I'll second Mint.
About a ten minute installation, makes the new partition for you.
I'll second Mint.
About a ten minute installation, makes the new partition for you.
The stable versions get bugfixes, they don't get new features so there is less risk for new bugs sneaking their way in (Which makes those branches more stable over time), the important packages maintain several branches, apache for example has 2.4.x 2.2.x and 2.0.x that all get bugfixes (all new features go into the 2.5/2.6 version that you can get from the SVN), the kernel has 2.6.x 3.0.x 3.2.x 3.4.x 3.5.x 3.6.x 3.7.x and 3.8(rc).Yeah I think overobsession with having a "stable" version is not needed for most open source programs, as it most likely just means old version without the newest bugfixes.

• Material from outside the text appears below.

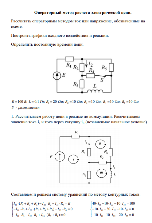 Операторный метод расчета электрической цепи.Рассчитать операторным методом ток или напряжение, обозначенные на схеме. Построить графики входного воздействия и реакции. Определить постоянную времени цепи

The bleeding edge svn version would then often be more stable (possibly minus the one new bug where you then just revert to second newest version).
Can someone explain a bit more detailed what the real difference between all these many desktops is besides fancy looks? Are there incompatibilities when you use the "wrong" desktop?
Well tonight I thought I'd go ahead and install Ubuntu. So I went to their website to read about the download/installation. I am running Windows 8 on my laptop and I saw that they recommended to use a 64 bit version. I also was pretty positive that I was running a UEFI Firmware. After downloading I created a bootable USB even following instructions on their site. I rebooted and told it to reboot from the USB Drive and Ubuntu started up. Giving me the choice to try it or install. I went ahead and tried it for about 20 minutes trying to find my way around it and see how everything was setup. It seemed very interesting to me so I decided I'd install it along side Windows 8. When choosing to install it said I choice install inside Windows 8 and that intrigued me. Computer restarted and next thing I know I was back at the Ubuntu start asking me if I wanted to try it live or install. What the? I again chose install. This time I chose the option to allow me dual boot. When I went to chose the empty partition for Ubuntu it gave me an error on the drive. Something about that it wasn't root. Seemed odd to me. I then read the instructions about the Boot.Repair. So I ran that like it told me to do. Upon restart giving the same option and trying to install it again gave me the same error and wouldn't install inside Windows 8 either.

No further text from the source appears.